和金型
出典: フリー百科事典『ウィキペディア(Wikipedia)』 (2021/05/29 01:03 UTC 版)
和金 コメット 朱文錦 キンギョの中では、もっともフナに近い形態で、平たく細長い流線型の体を持ち、泳ぐのも速い。丈夫で飼いやすい品種が多く、長生きすることが多い。ただ、原種に近いため、和金などは(金魚としては)気性が荒く、産卵期のメスへの追尾行動でメスを重傷化させたり、おとなしい他の品種の金魚や、大きさの違う個体を同じ水槽で飼うと、弱い個体の方へ大きなストレスやダメージを与えることもある。 和金(ワキン) 中国から室町時代に持ち込まれたもので、現在のキンギョの品種は、ほぼすべて和金から派生している。もっとも手に入りやすく、丈夫で飼いやすい品種。大きく成長する個体もしばしばみられる。10年以上にわたって長生きすることも多く、45年生きた記録もあるという。体長30センチを超えるまでに成長することもある。そういった場合は室内のガラス水槽での飼育は、一般的に困難であり、屋外の池などが推奨される。尾はフナ尾、三つ尾、四つ尾とさまざまである。和金でフナ尾のものは、その祖先である野生の鮒の赤い突然変異体である緋鮒(ヒブナ)と外見上の見分けはつかない。 朱文錦(シュブンキン) 明治期にフナ尾の和金と三色出目金との交配で作られた品種。色はキャリコ模様で、尾は吹き流し尾。手に入りやすく、丈夫で飼いやすい。和金同様大きくなるものが多く、成長するにつれ頭部に肉瘤が発達する個体もある。またこの品種をもとにイギリスで生み出されたハート型に見える尾を持つブリストルシュブンキン(Bristol shubunkin)という品種のみを、熱心に飼育する愛好会も数多く存在する。 地金(ジキン) 和金の突然変異により、尾がX状に開いた品種。この品種特有の尾は孔雀尾と呼ばれる。色は六鱗(ろくりん)と呼ばれ、口と各ヒレの計6か所だけを赤く、他を白くするものである。この体色を引き出すために、人為的にうろこを剥いだり薬品を塗布するなどの方法で調色が行われる。体質は弱く、飼育は非常に難しい。

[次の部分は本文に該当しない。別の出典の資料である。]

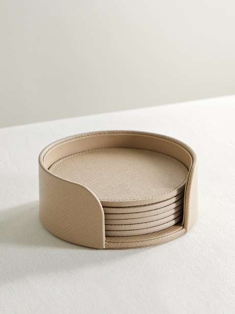 Smythson's coaster set is made from the brand's signature 'Panama' leather, which has a recognizable cross-grain texture. They're housed in a matching holder and come in a set of six, so you can easily dot them around your living room or lay them for brunch.

愛知県の天然記念物で、三河地方ではずんぐりとした個体、尾張地方では笹葉のような細長い個体が多い。 庄内金魚(ショウナイキンギョ) 大正期に山形県の庄内地方でフナ尾の和金と和蘭獅子頭を交配して生み出された品種。寒冷な気候に非常に強く、丈夫な品種。色は赤か更紗模様。成長すると各ヒレが伸長して垂れ、振袖金魚とも呼ばれる。 コメット 日本から輸出された琉金が、アメリカにおいてアメリカフナと交雑して作られた品種とされることもあるが、琉金を選別せず放置飼育により和金型に戻ったと考えられる品種。手に入りやすく、丈夫で飼いやすい。色は更紗模様で、尾は張りのある吹き流し尾。長い尾をなびかせて素早く泳ぐ姿が彗星を連想させるためにこの名が付いた。和金同様大きくなるものが多く、成長するにつれ頭部に肉瘤が発達する個体もある。 オーロラ 朱文錦と江戸地金の交配により近年生み出された品種。見た目は朱文錦に近いが、尾は四つ尾であり、成長するに従い、各ヒレは更に大きく長伸する。まだ流通量が少なく、とても珍しい品種。 和唐内(ワトウナイ) 和金と琉金の交雑品種と考えられている。体型は和金だが尾ビレは琉金の形をしており、和(日本)にも唐(中国)にもない珍しい金魚だからこの名前がついたといわれている。ほとんど生産されていない。